Config files

• Suricata

SELKS uses the default Suricata config files,directories and locations:

Generic build parameters:
  Installation prefix (--prefix):          /usr
  Configuration directory (--sysconfdir):  /etc/suricata/
  Log directory (--localstatedir) :        /var/log/suricata/

• Elasticsearch

SELKS makes use the following elasticsearch config files:

/etc/elasticsearch/elasticsearch.yml
/etc/elasticsearch/logging.yml
/etc/default/elasticsearch

• Logstash

SELKS makes use the following logstash config files:

/etc/logstash/conf.d/logstash.conf
/etc/default/logstash

#### Resetting to defaults

If you have made any changes to the default configs above and would like to reset back to the default configuration that SELKS uses configuration - please read on.
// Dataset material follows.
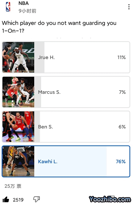 来源:JRS直播网09-03 16:13JRS直播网09月03日讯 近日,NBA官方发起投票,票选“你最不想和谁1V1?”给出了4个选项,分别是霍乐迪、斯玛特、本-西蒙斯和莱昂纳德,这4人都是NBA最顶级的防守球员。这项投票也吸引了超过25万球迷的参与,很显然第一名属于莱昂纳德,他占据压倒性的优势。

Below are the SELKS default distribution config files that are adjusted for SELKS (for example from the default configs distributed with Ealsticsearch and Logstash ):

/opt/selks/Scripts/Configs/Logstash/
/opt/selks/Scripts/Configs/Logstash/etc/
/opt/selks/Scripts/Configs/Logstash/etc/logstash/
/opt/selks/Scripts/Configs/Logstash/etc/logstash/conf.d/
/opt/selks/Scripts/Configs/Logstash/etc/logstash/conf.d/logstash.conf
/opt/selks/Scripts/Configs/Elasticsearch/
/opt/selks/Scripts/Configs/Elasticsearch/etc/
/opt/selks/Scripts/Configs/Elasticsearch/etc/elasticsearch/
/opt/selks/Scripts/Configs/Elasticsearch/etc/elasticsearch/elasticsearch.yml
/opt/selks/Scripts/Configs/Conky/
/opt/selks/Scripts/Configs/Conky/etc/
/opt/selks/Scripts/Configs/Conky/etc/conky/
/opt/selks/Scripts/Configs/Conky/etc/conky/conky.conf
/opt/selks/Scripts/Configs/Logrotate/
/opt/selks/Scripts/Configs/Logrotate/etc/
/opt/selks/Scripts/Configs/Logrotate/etc/logrotate.d/
/opt/selks/Scripts/Configs/Logrotate/etc/logrotate.d/suricata

These files are part of the selks-scripts-stamus Debian package that is installed by default for SELKS.